§ Problem to work on
Keep images out and repeat all data exactly.

§ Data excerpt
------------------------------------------------------------
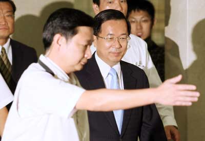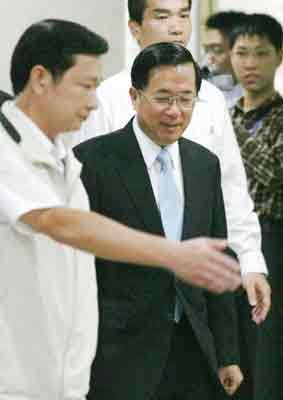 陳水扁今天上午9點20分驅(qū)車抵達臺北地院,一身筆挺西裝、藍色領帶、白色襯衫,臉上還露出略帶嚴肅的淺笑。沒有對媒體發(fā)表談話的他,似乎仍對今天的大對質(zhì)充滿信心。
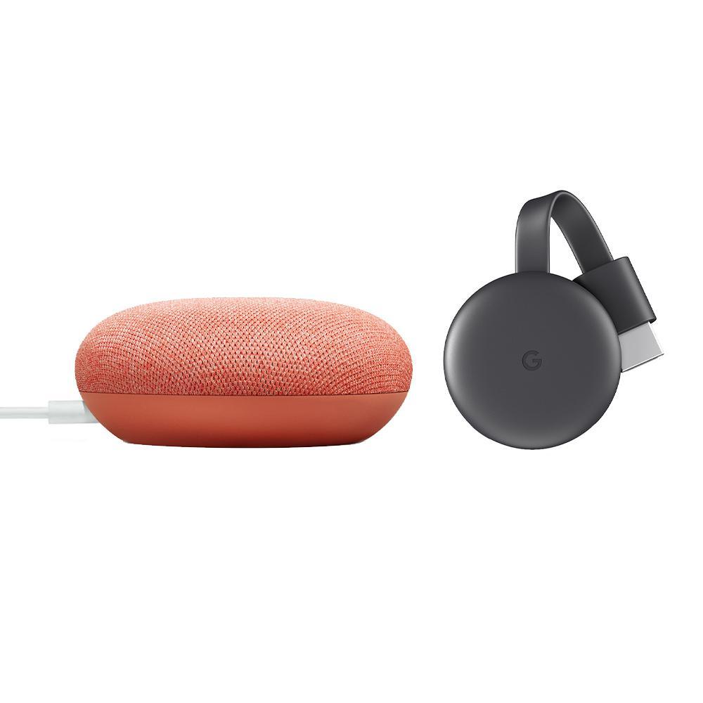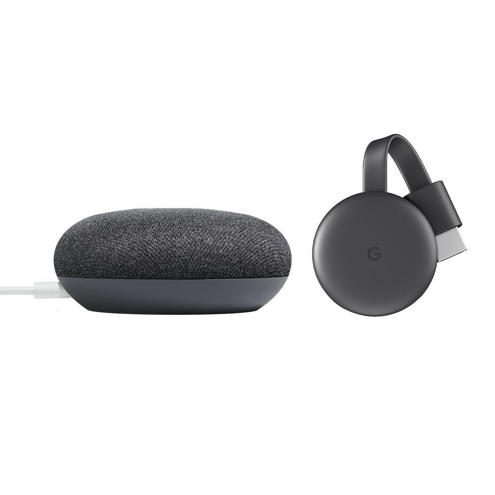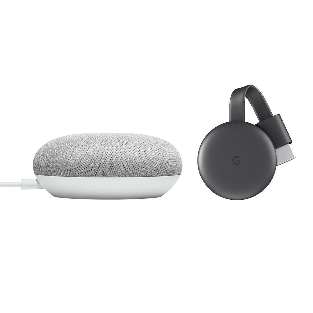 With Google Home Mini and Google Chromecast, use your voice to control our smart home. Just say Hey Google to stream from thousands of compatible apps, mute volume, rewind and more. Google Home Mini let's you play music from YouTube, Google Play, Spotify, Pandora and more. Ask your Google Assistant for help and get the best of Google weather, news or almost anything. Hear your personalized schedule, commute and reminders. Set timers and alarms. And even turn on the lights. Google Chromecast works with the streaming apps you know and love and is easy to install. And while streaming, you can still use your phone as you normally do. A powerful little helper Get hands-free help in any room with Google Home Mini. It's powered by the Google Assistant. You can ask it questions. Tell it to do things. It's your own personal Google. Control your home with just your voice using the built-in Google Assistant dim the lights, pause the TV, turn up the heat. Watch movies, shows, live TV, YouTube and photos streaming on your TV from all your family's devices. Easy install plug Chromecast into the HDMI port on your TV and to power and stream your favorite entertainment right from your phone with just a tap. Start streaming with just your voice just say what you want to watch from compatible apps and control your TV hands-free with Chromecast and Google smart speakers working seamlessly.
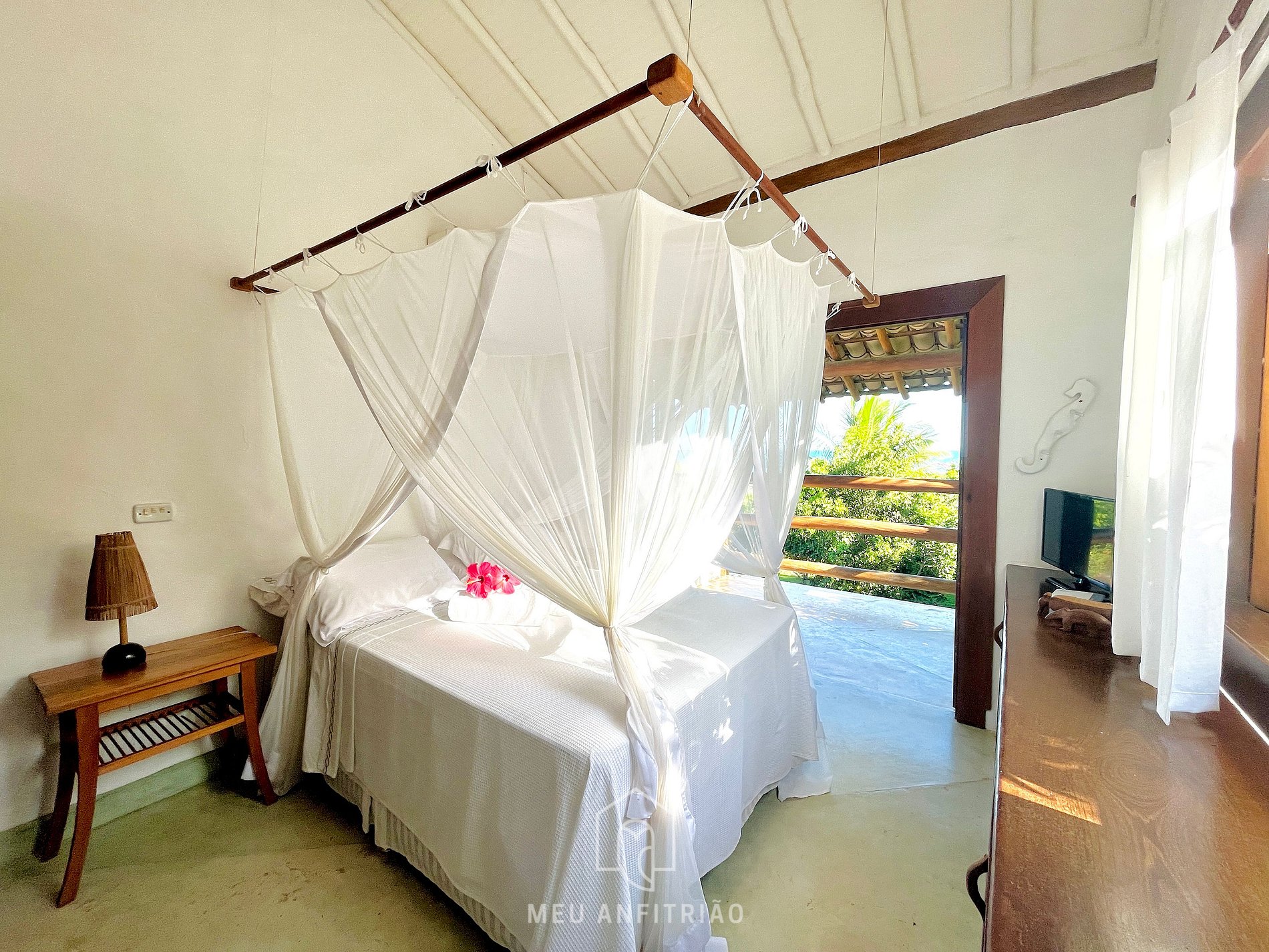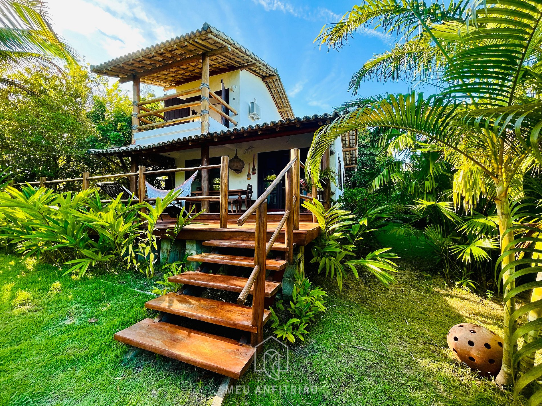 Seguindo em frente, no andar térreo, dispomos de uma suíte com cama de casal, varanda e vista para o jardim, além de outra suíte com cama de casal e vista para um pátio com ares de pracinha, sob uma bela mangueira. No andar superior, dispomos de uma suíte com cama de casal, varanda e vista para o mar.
------------------------------------------------------------
§ Answer space
 陳水扁今天上午9點20分驅(qū)車抵達臺北地院,一身筆挺西裝、藍色領帶、白色襯衫,臉上還露出略帶嚴肅的淺笑。沒有對媒體發(fā)表談話的他,似乎仍對今天的大對質(zhì)充滿信心。
 With Google Home Mini and Google Chromecast, use your voice to control our smart home. Just say Hey Google to stream from thousands of compatible apps, mute volume, rewind and more. Google Home Mini let's you play music from YouTube, Google Play, Spotify, Pandora and more. Ask your Google Assistant for help and get the best of Google weather, news or almost anything. Hear your personalized schedule, commute and reminders. Set timers and alarms. And even turn on the lights. Google Chromecast works with the streaming apps you know and love and is easy to install. And while streaming, you can still use your phone as you normally do. A powerful little helper Get hands-free help in any room with Google Home Mini. It's powered by the Google Assistant. You can ask it questions. Tell it to do things. It's your own personal Google. Control your home with just your voice using the built-in Google Assistant dim the lights, pause the TV, turn up the heat. Watch movies, shows, live TV, YouTube and photos streaming on your TV from all your family's devices. Easy install plug Chromecast into the HDMI port on your TV and to power and stream your favorite entertainment right from your phone with just a tap. Start streaming with just your voice just say what you want to watch from compatible apps and control your TV hands-free with Chromecast and Google smart speakers working seamlessly.
 Seguindo em frente, no andar térreo, dispomos de uma suíte com cama de casal, varanda e vista para o jardim, além de outra suíte com cama de casal e vista para um pátio com ares de pracinha, sob uma bela mangueira. No andar superior, dispomos de uma suíte com cama de casal, varanda e vista para o mar.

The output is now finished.